In 2.6.28, partitioned devices (mdp) wont be needed any more as md
will make use of the "extended partition" functionality recently
added. All md devices can be partitioned. The device number for the
partitions will be very different to that of the whole device, but
udev should hide all of that. So we don't have to worry too much
about mdp devices.
So I think the following is how I want things to work. I am very
open to comments and suggestions. Particularly I want to know what
(if anything) this will break.
1/ The only device nodes created will be /dev/mdX and /dev/md_dX
along with partitions /dev/mdXpY and /dev/md_dXpY as appropriate.
These will be created by mdadm in accordance with the "--auto"
flag unless something in mdadm.conf says to leave it to udev.
In that case, mdadm will create a temporary node
(/dev/.mdadm.whatever) and remove it once udev has created the
real thing.
2/ There will be various symlinks to these devices.
a/ if "symlinks=yes" is given in mdadm.conf, symlinks from
/dev/md/X or /dev/md/dX will be created.
b/ if udev is configured like on Debian,
/dev/disk/by-id/md-name-XXXX
and /dev/disk/by-id/md-uuid-UUUU
will be created (by udev).
c/ If there is a 'name' associated with the array then
/dev/md/name will be created as a link.
d/ if an explicit device name of /dev/name was given,
either on a -A, -B, -C, command or in mdadm.conf,
then the 'name' must match the name of the array,
and /dev/name will be used as well as /dev/md/name.
3/ For a 'NAME' to be used, with as md-name-NAME or /dev/md/NAME,
we need a high degree of confidence that the array was intended
for "this" host, or otherwise is not going to conflict with
an array that is meant for "this" host.
We get this confidence in a number of ways:
a/ If the name is listed in /etc/mdadm.conf
e.g. ARRAY /dev/md/home UUID=XXXX.....
b/ If the name was given on the command line
b/ If the name is stored in the metadata of an array which is
explicitly identifed in mdadm.conf or by the command line.
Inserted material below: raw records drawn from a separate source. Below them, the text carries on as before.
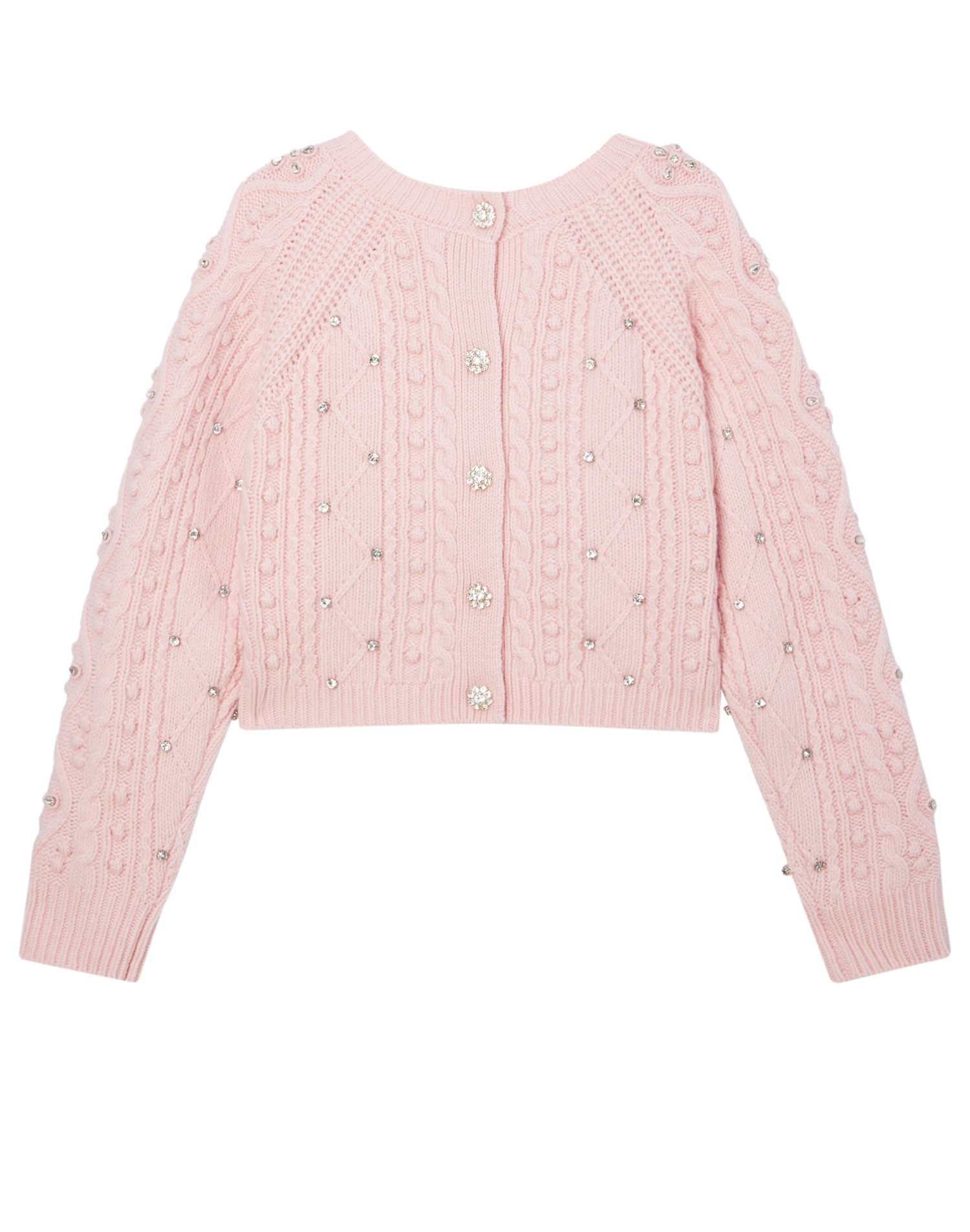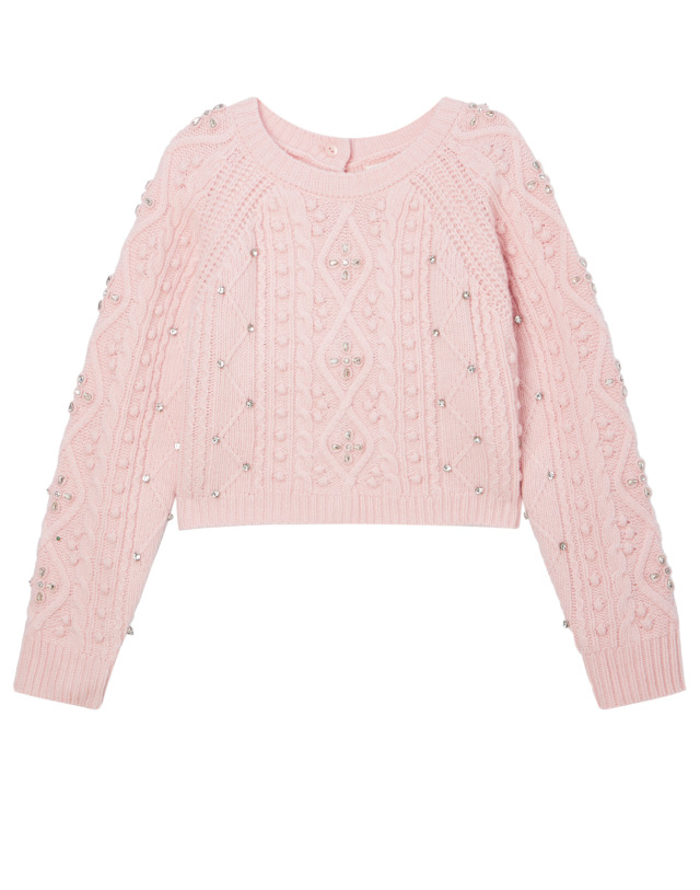 추운 겨울, 우아한 분위기를 연출하고 싶다면 바쉬의 핑크 크리스탈 장식 울 니트를 추천합니다.
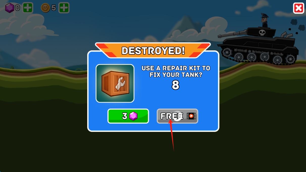 3、當(dāng)坦克被摧毀時(shí),可選擇使用3個(gè)紫色寶石或觀看廣告免費(fèi)獲得修理工具來修復(fù)坦克,繼續(xù)游戲。
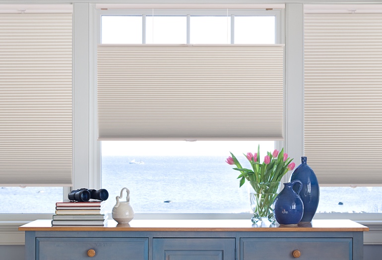 Cellular shades: Cell shades can replace your vertical blinds on large picture windows, as they are made from a material that modernizes your window treatments. Available in many different colors, these treatments can effectively control outside light by opening and closing top-down or bottom-up. Cell shades also can come in sheer material so outside light can light up the room when closed. Find more options for window shades in Charlotte.
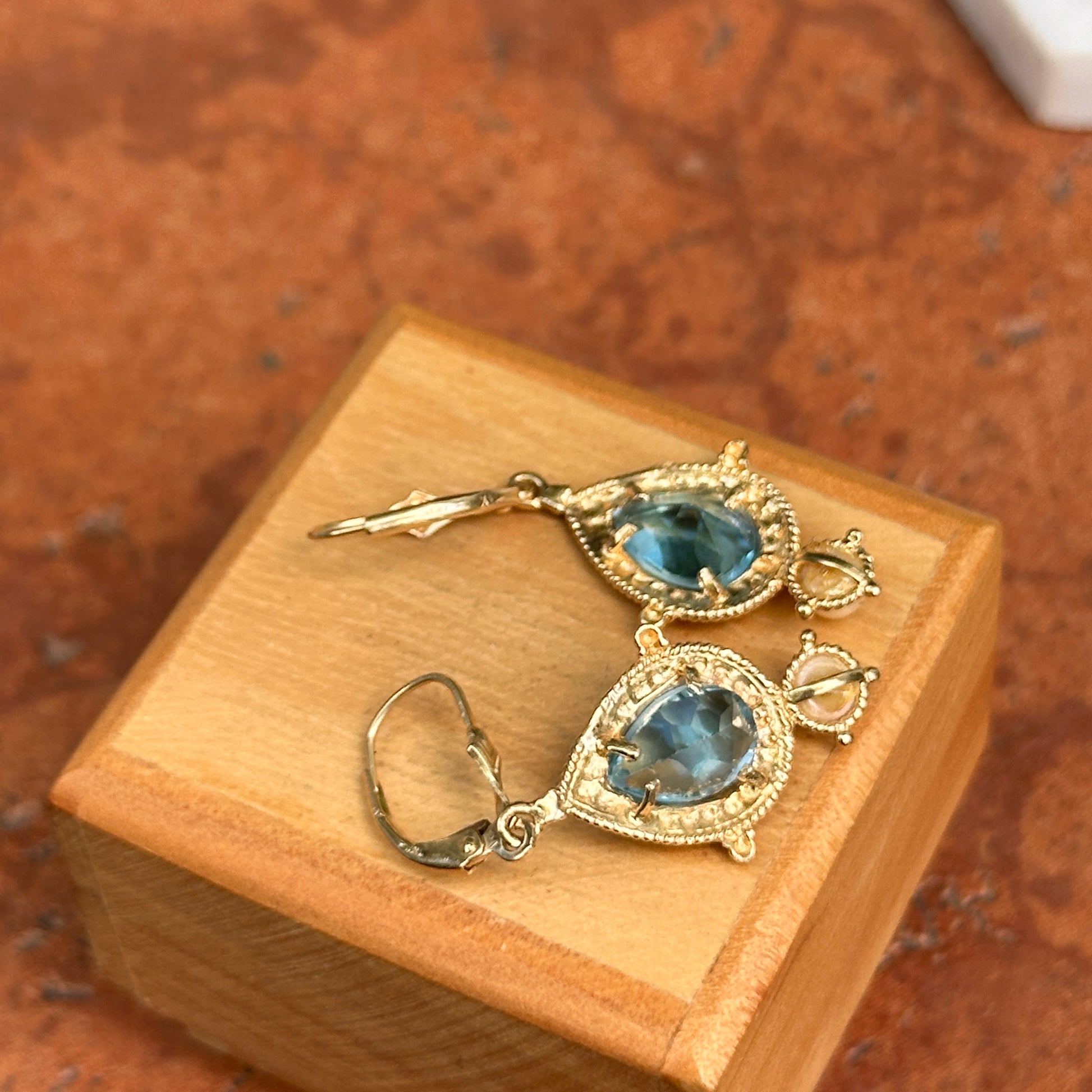 Estate 14KT Yellow Gold Pear Swiss Blue Topaz + Pearl Filigree Dangle Earrings

c/ If the name is of the form "host:name" and "host" matches
this host. We then use just "name".
d/ If the name is of the form "host:name" and "host" does not
match this host, we can still assume that "host:name" is
unique and use that.
e/ For 0.90 metadata, if the uuid has the host name encoded in it
then it was intended for 'this' host.
Thus unsafe names are names extracted from the metadata of arrays
which are auto-detected, where there is no hint in the metadata
that the array is built for 'this' host.
If the NAME is not known to be safe, we can still assemble the
array, but we use a "random" high minor number, and allow it
to be found primarily by the by-id/md-uuid-UUUUU... link or some
other link created based on array content: e.g. disk/by-label/
Also the array will be assembled "auto-readonly" so no resync etc
will happen until the array is actually used.
mdadm-3.0 will be able to support "containers" such as a set of
devices with DDF metadata. These can then contain a number of
different arrays. If the 'container' is known to be local to
'this' host, then we assume that all contained arrays are too.
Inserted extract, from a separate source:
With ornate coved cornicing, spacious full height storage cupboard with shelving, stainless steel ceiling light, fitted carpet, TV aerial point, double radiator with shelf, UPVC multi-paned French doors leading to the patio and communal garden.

I'm contemplating creating a link based on the metadata type with
a sequential number. e.g. /dev/md/ddf1 or /dev/md/imsm2.
I'm not sure if there should be in /dev/md/ or directly in /dev/.
I'm also not sure if I should leave the creation to udev, and
whether I should use a small sequential number, or just whatever
number was allocated as the minor number of the device.
4/ When we stop an array, mdadm will remove anything from /dev that
it probably created.
In particular, it will remove the device node as described in 1,
any partitions, and any symlinks in /dev or /dev/md which point to
any of those. I need to be certain that this won't confuse udev.
5/ I want to enable assembly without having to give
an explicit device name, thus requiring mdadm to automatically
assign one just as it would for auto-assembly.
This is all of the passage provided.